戸田恵梨香、元カレ・加瀬亮に「再共演したい」と笑顔で意味深メッセージ! 芸能界屈指の“いい女”となるか

 女優界の中でも、屈指のモテっぷりを見せてきた女優・戸田恵梨香。そんな戸田が最近、元彼俳優へ意味深なメッセージを送ってみせたことが業界内で話題を呼んでいるという。

 戸田は11月13日に東京都内で開催された「SPECサーガ完結編『SICK’S 覇乃抄・厩乃抄』 〜内閣情報調査室特務事項専従係事件簿〜」の制作発表会見に、VTRにて参加。その際、堤幸彦監督や木村文乃、松田翔太などに激励メッセージを送った戸田は「今『大恋愛』(TBS系)っていうドラマをやっているからか(『SPEC』(同)の)撮影当時はあんまり覚えてないんです。続編は……やりたくはないですけど、加瀬亮さんと一緒ならぜひやらせていただきたい」と笑顔で発言。これが評判になっているというのだ。

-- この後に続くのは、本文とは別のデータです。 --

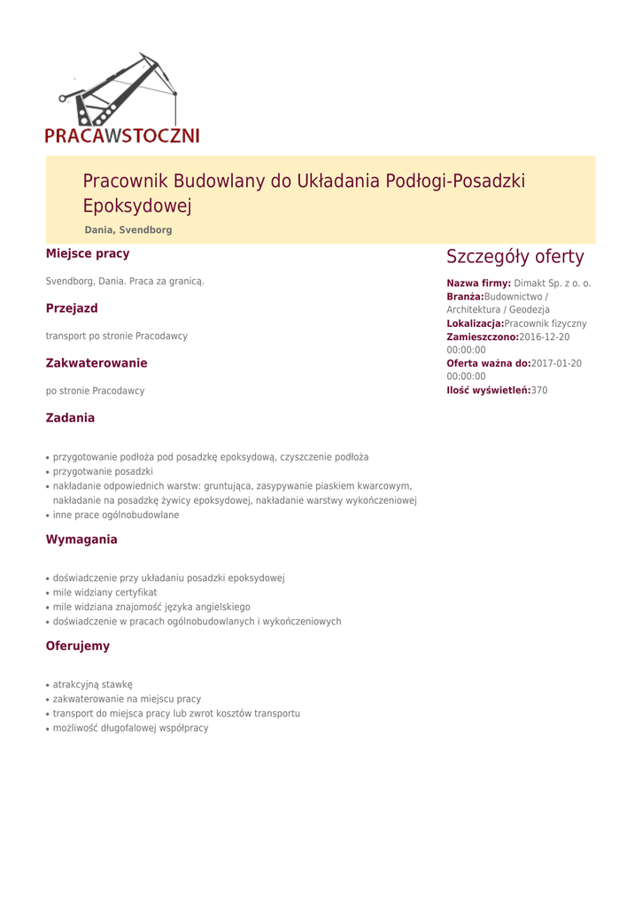 Pracownik Budowlany do Układania Podłogi-Posadzki Epoksydowej Dania, Svendborg Miejsce pracy Szczegóły oferty Svendborg, Dania. Praca za granicą. Nazwa firmy: Dimakt Sp. z o. o. Branża:Budownictwo / Architektura / Geodezja Lokalizacja:Pracownik fizyczny Zamieszczono:2016-12-20 00:00:00 Oferta ważna do:2017-01-20 00:00:00 Ilość wyświetleń:370 Przejazd transport po stronie Pracodawcy Zakwaterowanie po stronie Pracodawcy Zadania ● ● ● ● przygotowanie podłoża pod posadzkę epoksydową, czyszczenie podłoża przygotwanie posadzki nakładanie odpowiednich warstw: gruntująca, zasypywanie piaskiem kwarcowym, nakładanie na posadzkę żywicy epoksydowej, nakładanie warstwy wykończeniowej inne prace ogólnobudowlane Wymagania ● ● ● ● doświadczenie przy układaniu posadzki epoksydowej mile widziany certyfikat mile widziana znajomość języka angielskiego doświadczenie w pracach ogólnobudowlanych i wykończeniowych Oferujemy ● ● ● ● atrakcyjną stawkę zakwaterowanie na miejscu pracy transport do miejsca pracy lub zwrot kosztów transportu możliwość długofalowej współpracy

「というのも、戸田さんと加瀬さんといえば、2015年頃から交際していることが明かされ“ハイスペックカップル”と話題になったものの、16年8月に破局が報じられてしまいました。別れた理由は“価値観の違い”とのことで、独身主義の加瀬さんと結婚したい戸田さんの気持ちがすれ違ったのでは、と言われていました。しかしこの公式の場で、元恋人の名前を出して笑顔を見せることができるなんて、さすがサバサバしてますよね」(テレビ局勤務)

 戸田といえば2006年頃に映画『デスノート』での共演がきっかけで松山ケンイチと交際。その後、10年~13年前半まではブレイク前の綾野剛、13年後半からは『SUMMER NUDE』(フジテレビ系)で共演した勝地涼と交際。その後に加瀬と交際し、現在は『コード・ブルー3』(フジテレビ系)で共演した成田凌と交際している。歴代の恋人が全員現在も人気なのに加え、戸田と交際後に大ブレイクした綾野や勝地を例に取り、芸能界では戸田を“業界屈指のあげまん”と賞賛する声が多いという。

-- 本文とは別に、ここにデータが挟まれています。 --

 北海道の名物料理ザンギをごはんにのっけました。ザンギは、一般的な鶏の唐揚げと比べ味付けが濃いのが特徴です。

「戸田さんは一見勝ち気な雰囲気ですが、付き合っている恋人には手料理を振る舞ったり、インタビューで『恋愛の駆け引きをするのは苦手』だと語るなど、実はかなり恋人に尽くすタイプ。実際、彼女は現場のスタッフを大事にする女優として知られており、どれだけ寝不足でも待ち時間に不機嫌な顔を見せることなく、ケータリングの差し入れも大盤振る舞いと、非の打ちどころがない振る舞いをします。現在彼女が主演する『大恋愛〜僕を忘れる君と』の現場も、気遣いの人である戸田さんとムロツヨシさんのおかげですごく良い雰囲気なんだとか」(同)

 冒頭の元彼・加瀬への大人の態度や、歴代の恋人たちのブレイクぶりを鑑みるに、戸田が芸能界屈指の“いいオンナ”なのは納得といったところだろう。